Artem Antonov’s Polumgla revisits familiar terr itory in Russo-Soviet film, once again taking on the topic of World War Two. However, in telling the story of a northern Soviet village inhabited by both Russian residents and German prisoners, Polumgla deviates from typical war film narratives by focusing on daily life away from the front. In his “retreat” from shooting the frontlines, Antonov casts off the mythologized Soviet war hero, favoring depictions of the “little man”—both Soviet and German. With a lack of action in the film, other elements are pushed to the foreground in Polumgla. The heightening of emotions, close attention paid to relations, and in-depth psychological portrayals compensate for banal scenes that feature little plot development.
The film opens in a hospital where Grigorii Anokhin, a wounded and haunted soldier, hopes to recover, return to the front, and fight against the Nazis. After escaping the hospital and forging documents in order to return to duty, Anokhin is caught and put in charge of a group of German prisoners. All are sent to a remote village, Polumgla, with orders to construct a radio tower. The arrival of Anokhin and his men, both Soviet guards and German prisoners, creates conflict within the village, whose inhabitants meet the men with pitchforks. Anokhin’s guards react to the cold greeting by justifying the building of the tower, saying that they and their prisoners will perform the “heroic task” of serving the motherland. The film, however, overshadows any notion of heroism as the completion of the tower is a wasted task, and the object itself serves only as a temporal marker in the film.
The village of Polumgla leaves no place for heroic acts. The village, whose name can be translated as “twilight,” exists almost in a vacuum, far away from both the events of the war and the grasp of Soviet power. The village’s men have been sent off to war long ago, leaving women, the elderly, and children as the village’s only inhabitants. Their sole link with the outside is through a postal courier who arrives by dogsled to announce the war casualties.

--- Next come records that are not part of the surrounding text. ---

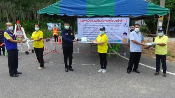 ที่ศาลประชาคมอำเภอกันตัง จังหวัดตรัง นายขจรศักดิ์ เจริญโสภา ผู้ว่าราชการจังหวัดตรัง พร้อมด้วยนายวิศิษฐ์ อนันต์วรปัญญา ปลัดจังหวัดตรัง นายแพทย์บรรเจิด สุขพิพัฒน์ ปานนท์ นายแพทย์สาธารณสุขจังหวัดตรัง และเหล่ากาชาดจังหวัดตรัง นำถุงยังชีพจากสภากาชาดไทย จำนวน 386 ชุด มอบให้กับผู้นำหมู่บ้านใน 14 ตำบลของอำเภอกันตัง เพื่อนำไปมอบให้กับประชาชน ที่ได้รับความเดือดร้อนจากการแพร่ระบาดโควิด -19 และประชาชนที่กักตัวเองอยู่ที่บ้าน ทางหน่วยงานของสภากาชาดไทย เหล่ากาชาดจังหวัดตรัง และจังหวัดตรัง ได้ห่วงใยประชาชนที่ได้รับความเดือดร้อนจากการแพร่ระบาดของโควิด-19 ซึ่งทางผู้ว่าราชการจังหวัดตรัง ได้มอบหน้ากากอนามัยและเจลล้างมือให้กับผู้นำชุมชน นำไปแจกให้กับชาวบ้านอีกด้วย พร้อมทั้งกล่าวขอความร่วมมือจากประชาชนทุกคนช่วยกันใส่หน้ากากอนามัยก่อนออกจากบ้านทุกครั้ง หรือแม้กระทั่งอยู่ในบ้านพักอาศัย หากรับประทานอาหารควรซื้อกลับไปรับประทานที่บ้าน ไม่ควรที่จะนั่งที่ร้าน อีกทั้งประชาชนที่กักตัวอยู่ที่บ้าน ก็ควรอยู่แต่ที่บ้านไม่สมควรที่จะเดินทางออกจากไปไหนมาไหน ระยะเวลา 14 วัน ขอให้ประชาชนอดทนร่วมกันฝ่าฟันการแพร่ระบาดของโควิด -19 ไปให้ได้ ในขณะที่ประชาชนที่เดินทางมาจากพื้นที่เสี่ยงสูงสุด หากเดินทางมาจังหวัดตรัง ต้องกักตัว 14 วัน สถานการณ์การแพร่ระบาดของจังหวัดตรังเริ่มดีขึ้น เนื่องจากทีมงานสาธารณสุขทั้งจังหวัดตรัง ได้ติดตามกลุ่มผู้ที่เข้าข่ายกับการแพร่ระบาดมาตรวจหาเชื้อ และสามารถกำจัดวงได้แล้ว
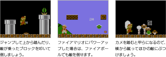 敵を上から踏んだり、敵が乗っているブロックを下から叩くと倒せます。 ほかにも、ファイアボールを投げたり、甲らを蹴って敵に当てて倒すこともできます。 ただし、なかには踏んだりファイアボールを当てても倒せない敵がいるので注意しましょう。 ![]() |
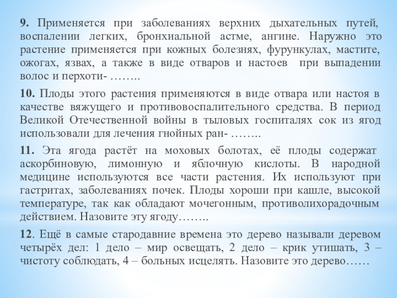 10. Плоды этого растения применяются в виде отвара или настоя в качестве вяжущего и противовоспалительного средства. В период Великой Отечественной войны в тыловых госпиталях сок из ягод использовали для лечения гнойных ран- ……..
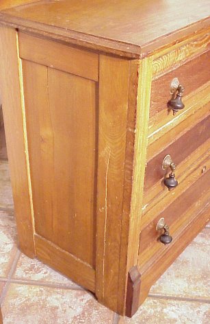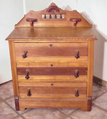 EASTLAKE VICTORIAN THREE DRAWER WASHSTAND: With candles shelves, shaped backsplash and drop ebony pulls. 36''h. overall, x 30'' x 29''.
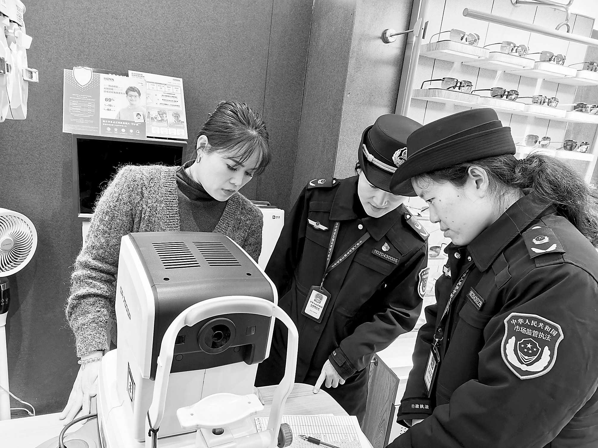 为切实保护青少年视力健康,规范眼镜制配市场秩序,浙江省宁波市北仑区市场监管局日前部署开展眼镜店计量监督检查,重点对眼镜店在用的焦度计、验光仪、角膜曲率计等强制检定计量器具进行全面“体检”,确保验光数据精准、配镜质量可靠,筑牢计量安全防线,为广大学生的清晰“视”界保驾护航。 □丁苗娟/摄
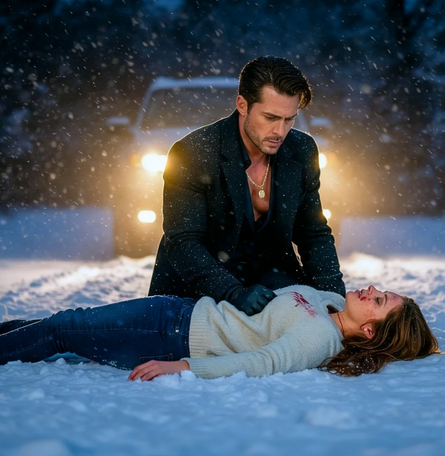I needed to stay warm, needed to move, needed to do something other than stand here bleeding into the snow like an idiot. I stumbled toward the highway, leaving dark footprints that filled in behind me within seconds. Each step felt heavier than the last. My vision swam, doubled, then cleared slightly before blurring again.

The enclosed setting eventually normalizes life between Russians and Germans, and with many wives either widowed or waiting for the return of their husbands, relationships eventually begin to form. Although the Soviet guards consider these acts treason, the film portrays these relations as not only acceptable, but humane and necessary for survival. The re-evaluation of the “us” versus “them” (svoi – chuzhoi) narrative breaks down, with the villagers shocked and horrorified when NKVD officers abruptly arrive and execute the German prisoners at the film’s close.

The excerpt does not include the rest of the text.